SEQanswers

Go Back   SEQanswers > Bioinformatics > Bioinformatics



Similar Threads
Thread Thread Starter Forum Replies Last Post
DeNovo assembly using pacBio data krittika.sasmal Pacific Biosciences 50 06-05-2013 10:56 AM
Denovo assembly problem huma Asif Illumina/Solexa 1 03-27-2013 10:20 PM
denovo assembly nagaraj Bioinformatics 5 07-11-2012 07:13 AM
SOAP denovo assembly results bioinfosm Bioinformatics 9 06-13-2012 08:22 AM
DeNovo Transcriptome Assembly (human) Uwe Appelt Bioinformatics 0 10-28-2009 02:42 AM

Reply
 
Thread Tools
Old 08-16-2012, 02:23 AM   #1
kenietz
Member
 
Location: Singapore

Join Date: Nov 2011
Posts: 85
Question question about denovo assembly

Hi guys,
i have a question regarding denovo assembly.

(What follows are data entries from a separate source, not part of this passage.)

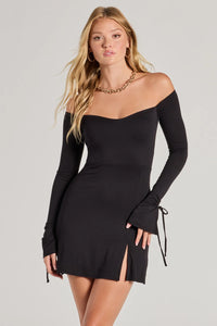 An off-the-shoulder mini dress that'll give you many chic moments! The crepe dress is designed with long fitted bell sleeves with flirty tie accents and a front slit for movement. Complete the look with a necklace.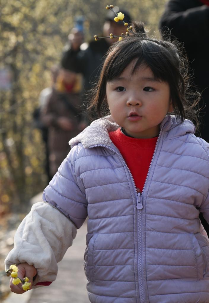 9日、重慶市北碚区静観鎮のロウバイ博覧園で花見を楽しむ子供。(重慶=新華社記者/陳誠)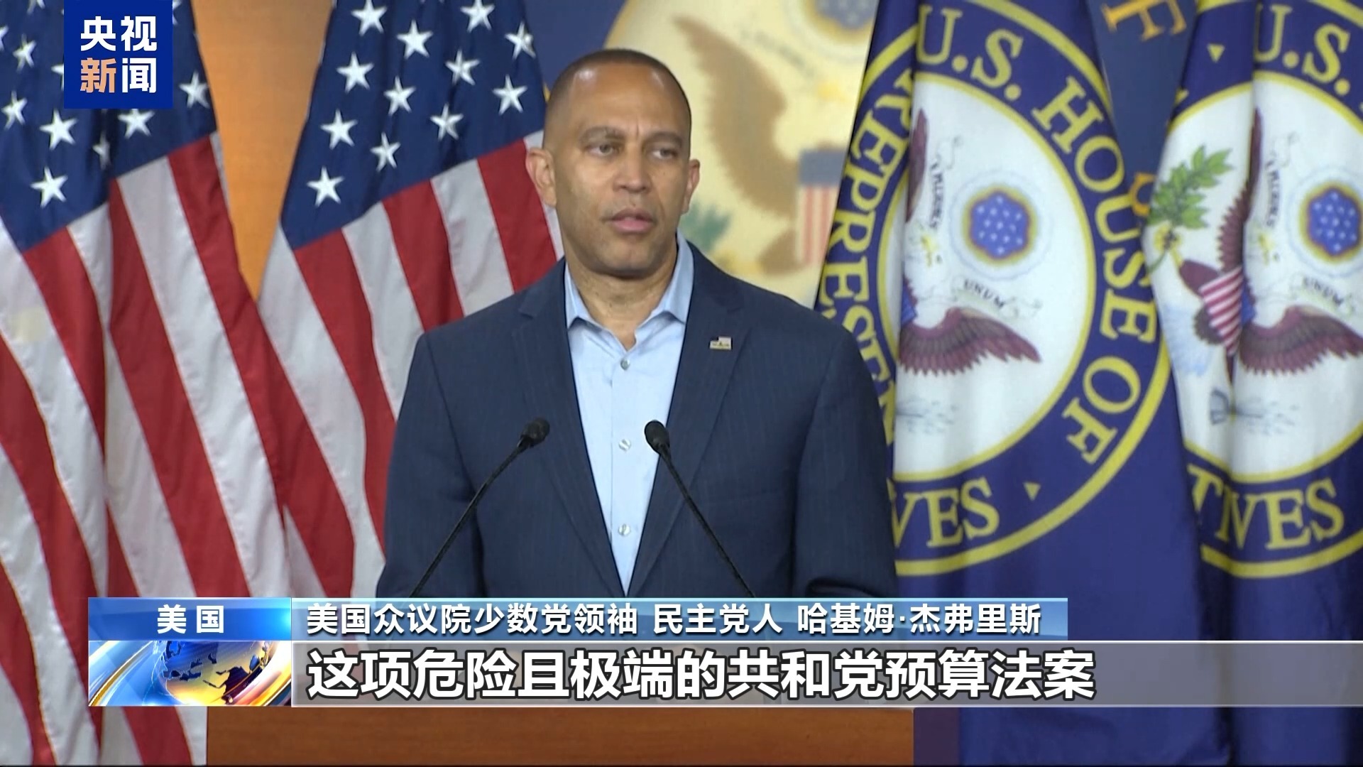 美国众议院少数党领袖 民主党人 哈基姆·杰弗里斯:这项危险且极端的共和党预算法案,将导致很多美国人因无法获得医疗保险而失去生命。众议院民主党人将在接下来的几个小时,将在今天、明天、本周乃至更久,竭尽全力阻止该法案成为法律。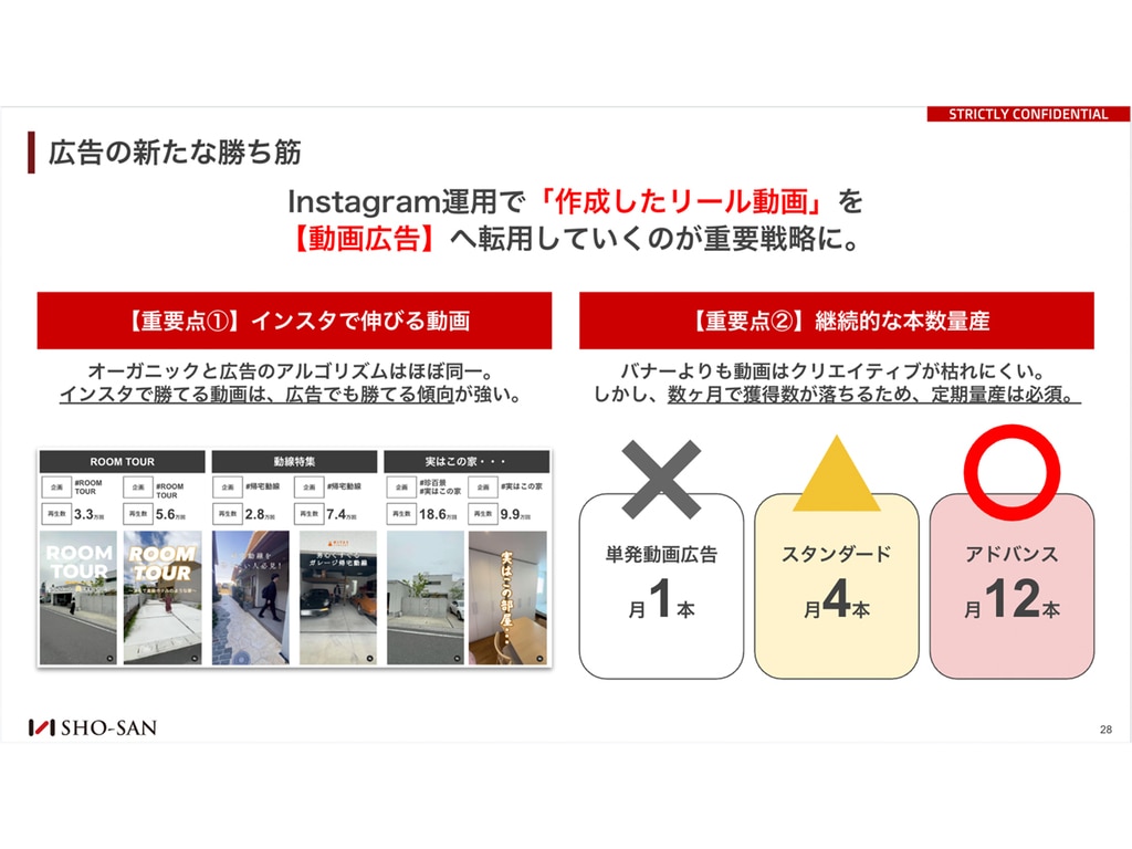 さらにInstagramで再生数が伸びたリール動画をMeta広告にそのまま転用(本数無制限・追加費用なし)。インスタで勝てる動画は広告でも勝てる傾向が強く、来場反響単価CPA1〜2万円台を実現した事例も多数。掛け捨て広告では実現できない「集客資産」が積み上がる運用です。

Firstly some info on my machine:
64 bit Slackware linux
64GB RAM
i7 3930 K

For a small genomes there is no problem. But what about 3Gb genomes? How can one handle such a task considering the available power of the working machine?

Once i had a RNAseq with 70M PE illumina reads which i tried to assemble with SOAPdenovo-trans but the program broke after loading 100M reads.So i am concerned that for a 3Gb genome with 10x coverage at least i will have a huge number of reads which i wont be able to handle with SOAP-denovo. I saw that they have a '-a' option for the pregraph which supposedly would restrict the memory usage but i have the feeling i will have problems.

Then i was having the idea to split the raw reads into smaller files and make mini denovo assemblies on the split reads and then merge them somehow. But for now i could not find software which could allow me to do that.

So i would like to ask if there is such software which will allow me to do the procedure described above? Or is there some other strategy to tackle that problem? Or i just need a machine with loots of RAM?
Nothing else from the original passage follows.